Collection entries
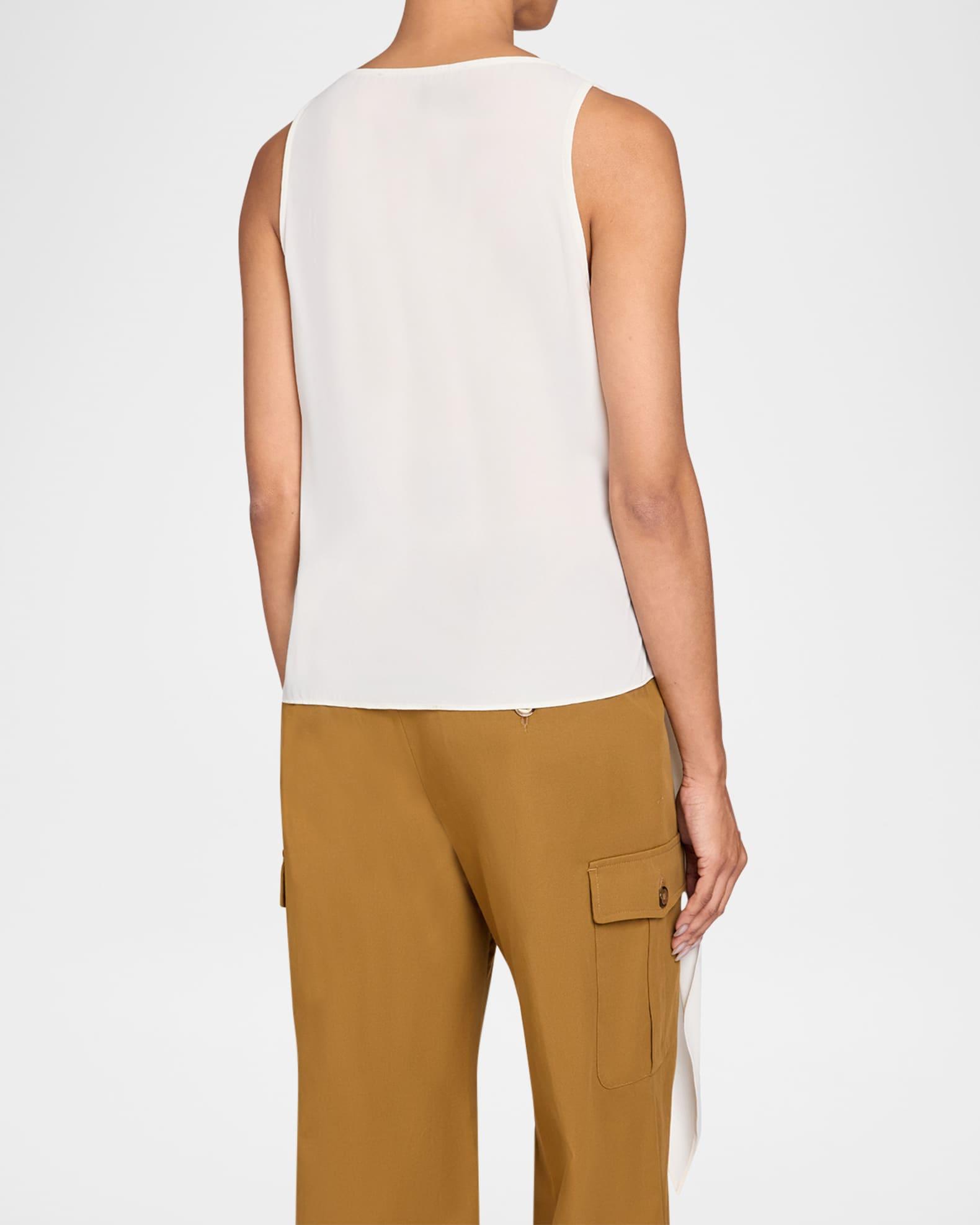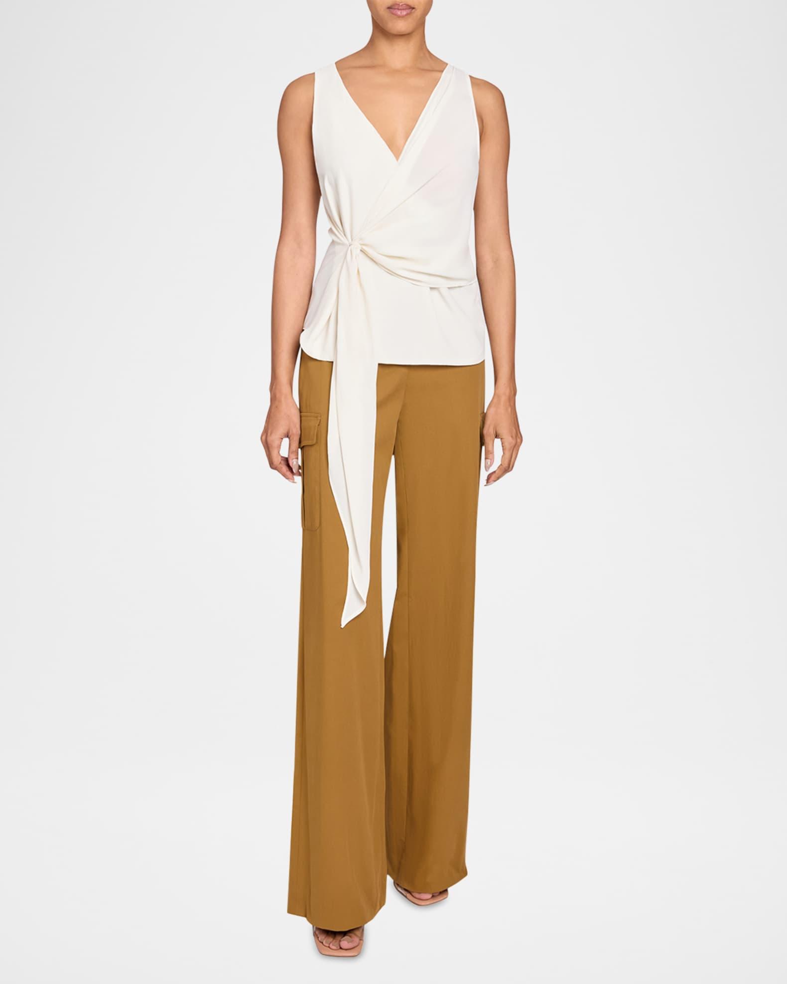 Santorelli "Danna" fluid crepe top wraps in the front with a gathered loop overlap Approx. 23"L from shoulders to hem Surplice neckline Sleeveless Slim fit Polyester Unlined Dry clean Made in Italy
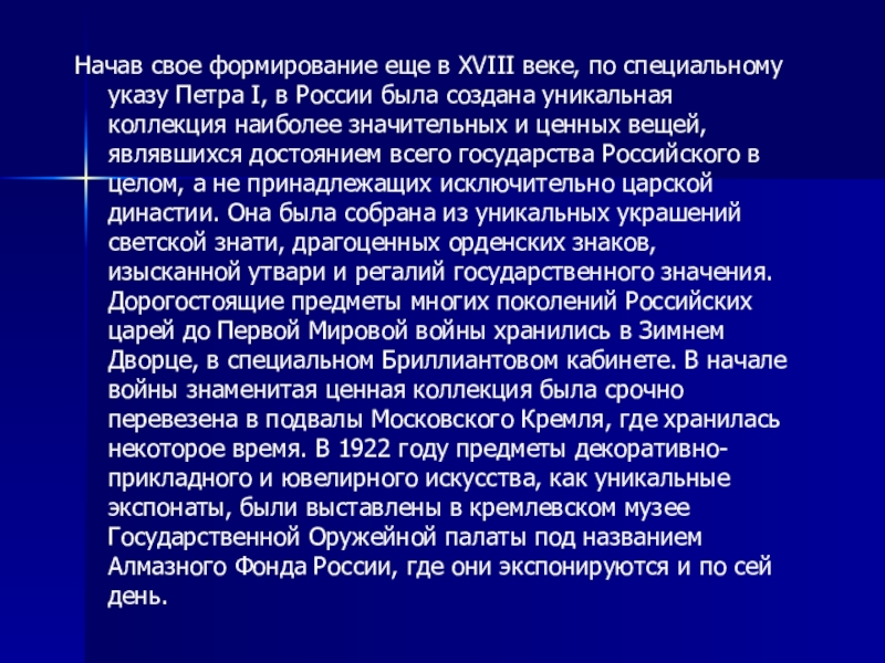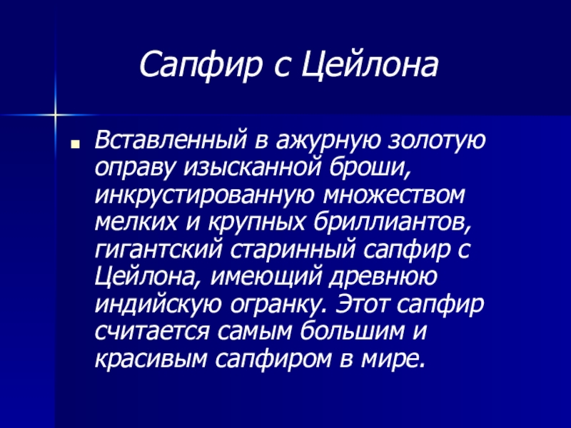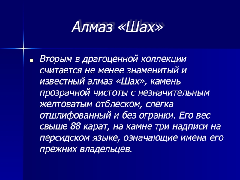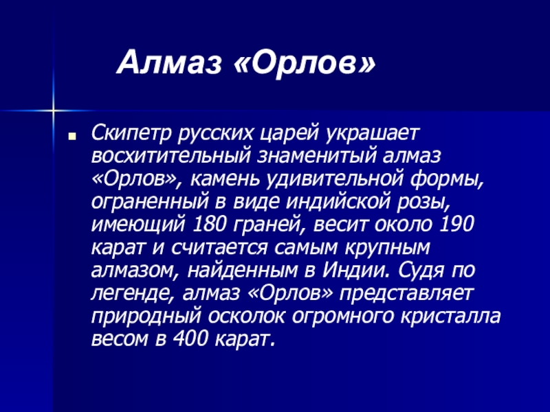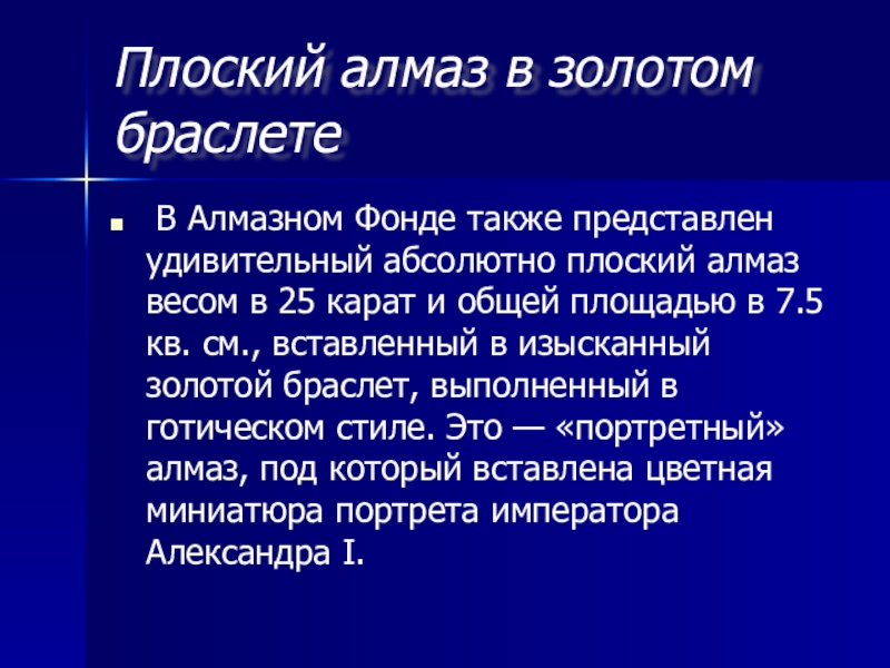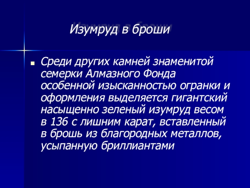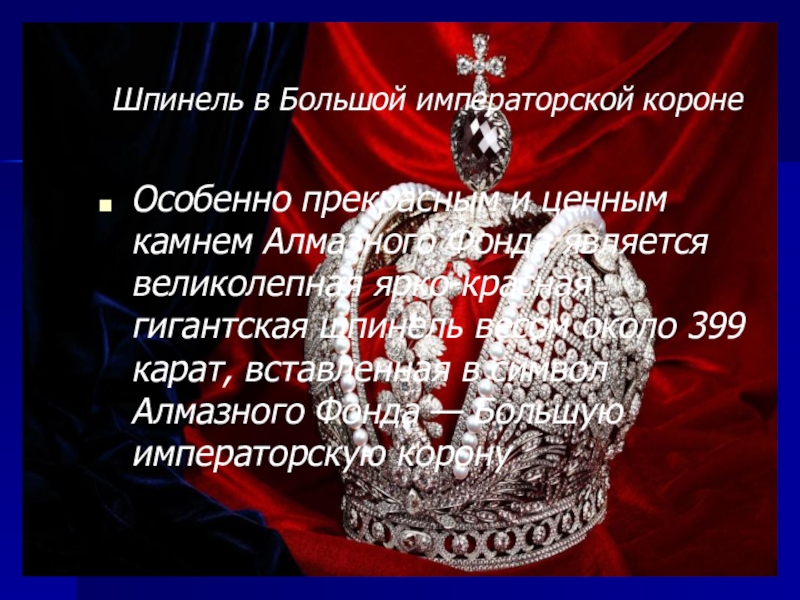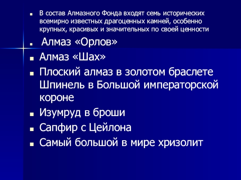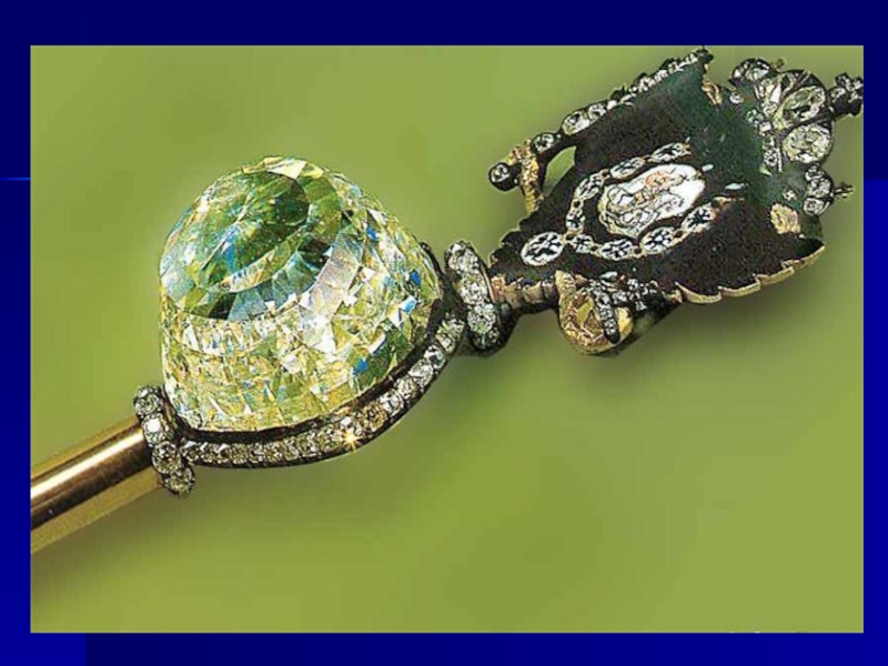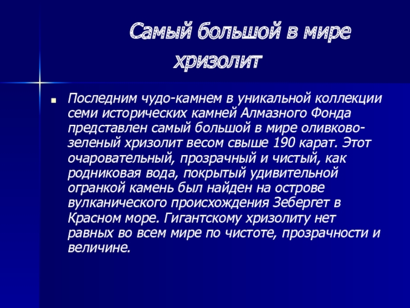Последним чудо-камнем в уникальной коллекции семи исторических камней Алмазного Фонда представлен самый большой в мире оливково-зеленый хризолит весом свыше 190 карат. Этот очаровательный, прозрачный и чистый, как родниковая вода, покрытый удивительной огранкой камень был найден на острове вулканического происхождения Зебергет в Красном море. Гигантскому хризолиту нет равных во всем мире по чистоте, прозрачности и величине.
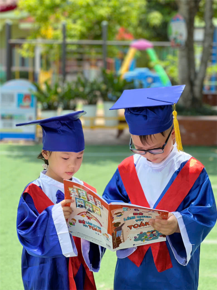 Thời gian trôi nhanh như một cơn gió mát, mới ngày nào các con còn rụt rè, ngập ngừng nắm tay ba mẹ bước vào lớp học đầu tiên. Vậy mà giờ đây, các con đã trở thành những em bé 5 tuổi tự tin, lễ phép và đầy bản lĩnh – sẵn sàng bước vào lớp Một với bao niềm háo hức và mong chờ.
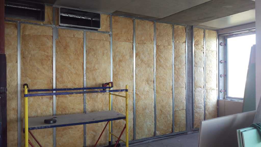 После окончания работ по монтажу лаг укладывалась минеральная вата, для обеспечения звукоизоляции, и удержания тепла. Производителя утеплителя можно выбирать на ваше усмотрение.
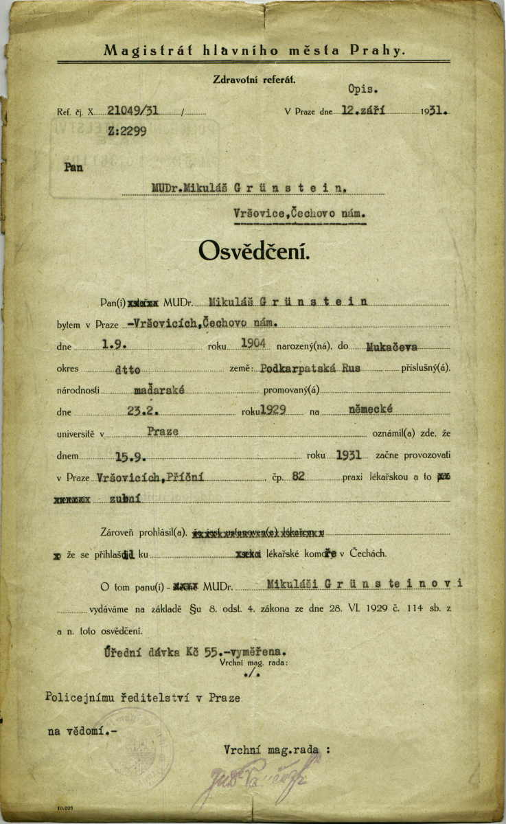 Grünstein Mikuláš: Přihlášení k lékařské komoře
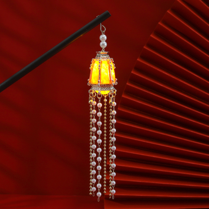 golden handheld lantern red beads (with lights)
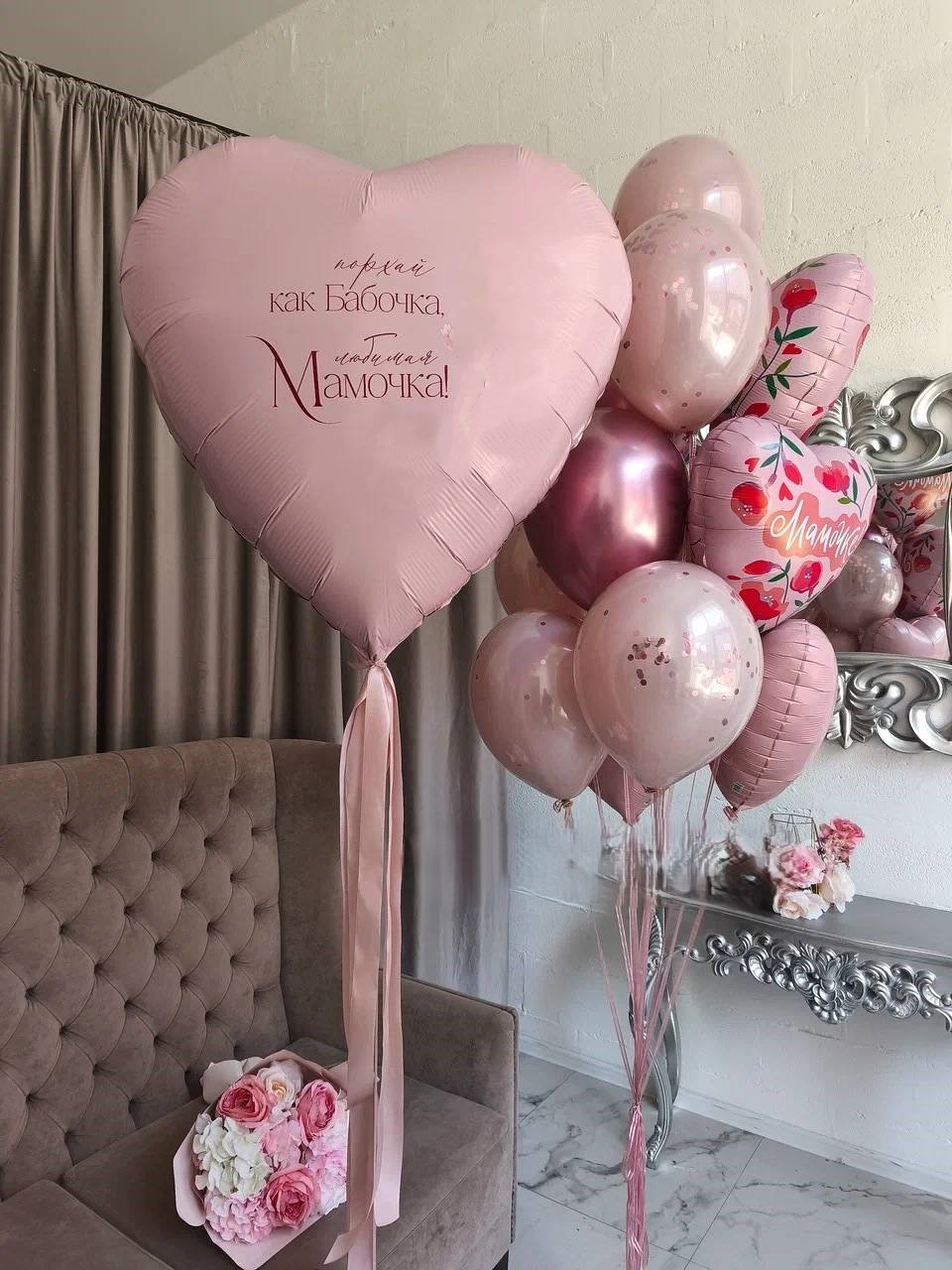 Шар фольгированное сердце, пыльная роза, 91 см — 1 шт

The problem
Please set down only the lines from the first line of the records above through the line that has "Последним чудо-камнем в", exactly, and not the pictures.

Solved exercise
 Santorelli "Danna" fluid crepe top wraps in the front with a gathered loop overlap Approx. 23"L from shoulders to hem Surplice neckline Sleeveless Slim fit Polyester Unlined Dry clean Made in Italy
Последним чудо-камнем в уникальной коллекции семи исторических камней Алмазного Фонда представлен самый большой в мире оливково-зеленый хризолит весом свыше 190 карат. Этот очаровательный, прозрачный и чистый, как родниковая вода, покрытый удивительной огранкой камень был найден на острове вулканического происхождения Зебергет в Красном море. Гигантскому хризолиту нет равных во всем мире по чистоте, прозрачности и величине.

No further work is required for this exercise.